There is no such element of terror involved in the practice of endocannibalism, although it can overlap with some aspects of exocannibalism in that body parts (in this case, from relatives or group members) are consumed for reasons that include transferring the spirits of the dead or their traits into the bodies of the living. Anthropologists have proposed that, much like Christian burial rituals or the administration of Last Rites, endocannibalism was undertaken by some groups in order to facilitate the separation of the deceased’s soul from its body. The Melanesians (those societal groups living in Fiji, the Solomon Islands, Vanuatu, and Papua New Guinea) reportedly practiced a form of mortuary cannibalism for this reason, consuming small tidbits from the bodies of their deceased relatives. This form of ritual cannibalism will be examined in detail in an upcoming chapter.
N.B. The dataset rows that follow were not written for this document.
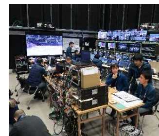
国際放送センター
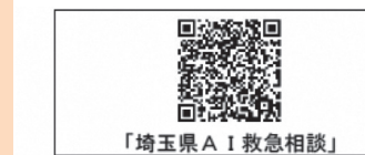
「埼玉県AI救急相談」 🔍 埼玉県AI救急相談 で検索！
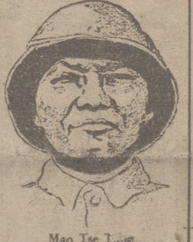
Mao Tse Tung
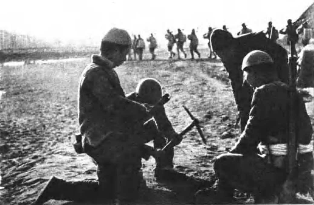
开展地雷战的民兵。
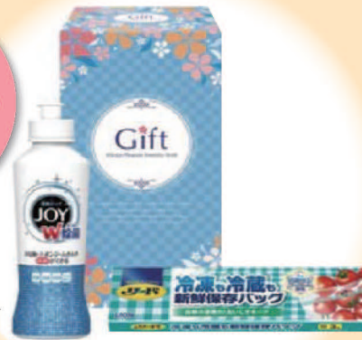
除菌ジョイ キッチンセット
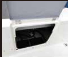
9 スターンストレージ
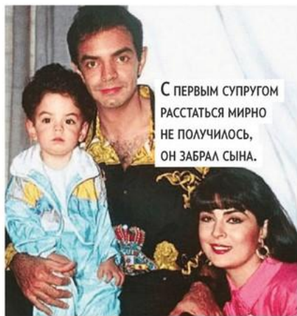
С ПЕРВЫМ СУПРУГОМ РАССТАТЬСЯ МИРНО НЕ ПОЛУЧИЛОСЬ, ОН ЗАБРАЛ СЫНА.
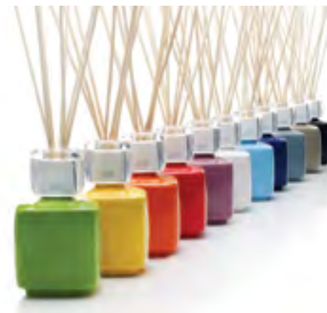
Arbre à senteurs Walter baby - 16,99€ 8034049924784
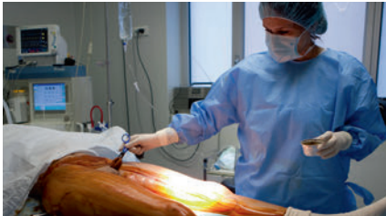
die Hautdesinfektion skin disinfection تطهير الجلد ضد عفونی كردن پوست

① die hohe Keimdichte high microbial concentration ارتفاع كثافة الجراثيم مقدار زیاد ميكروب
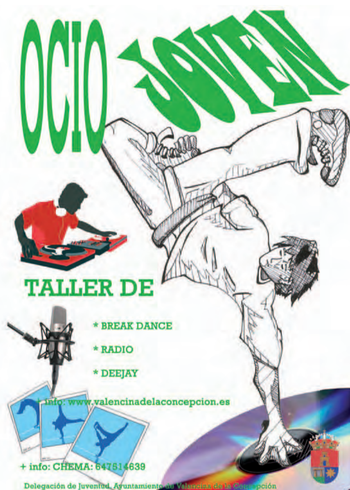
Cartel de los Talleres de Juventud

Para ello, aprenderán técnicas de vocalización y entonación, realizarán prácticas en los estudios centrales de Onda Valencia Radio, y también aprenderán a diferen-
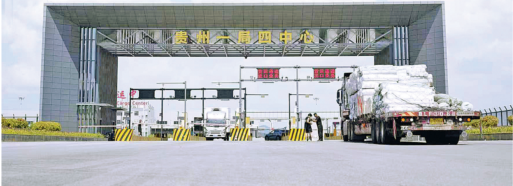
一辆货车驶入贵州“一局四中心”。

贵州双龙保税物流中心(B型)和贵州国际空港物流集配中心两大平台的同步启用,为贵州深度融入西部陆海新通道和“一带一路”建设注入强劲动能,标志着贵州双龙航空港经济区对外开放迈入系统集成、功能协同的新阶段,全省内陆开放航空口岸能级实现跨越式提升,将有力推动临空偏好型产业集聚,促进跨境电商、冷链物流、高端制造、生物医药等产业蓬勃发展,为地方经济注入新的强大动能。
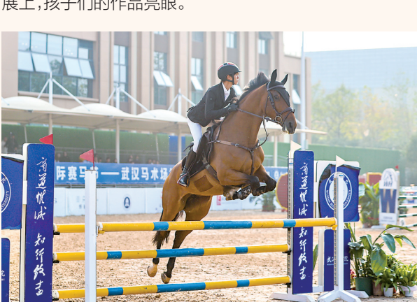
武汉商学院获批全国首个马术运动与管理本科专业。

Anthropologist Beth Conklin studied the Wari’ from the western Amazonian rainforest of Brazil. She reported that until the 1960s, the Wari’ consumed portions of human flesh as well as bone meal mixed with honey. Having conducted extensive interviews with Wari’ elders, she said that the “Wari’ are keenly aware that prolonged grieving makes it hard for mourners to get on with their lives.” With the corpse being the single most powerful reminder of the deceased, the Wari’ believed that consuming the body eradicates it once and for all. Beliefs or not, though, they were forced by missionaries and government officials to abandon their funerary rites and to bury their dead in what these strangers believed to be the civilized manner. Conklin said that this was a ritual the Wari’ found to be particularly repellent, since they considered the ground “cold, wet and polluting” and that “to leave a loved one’s body to rot in the dirt was disrespectful and degrading to the dead and heart-wrenching for those who mourned them.”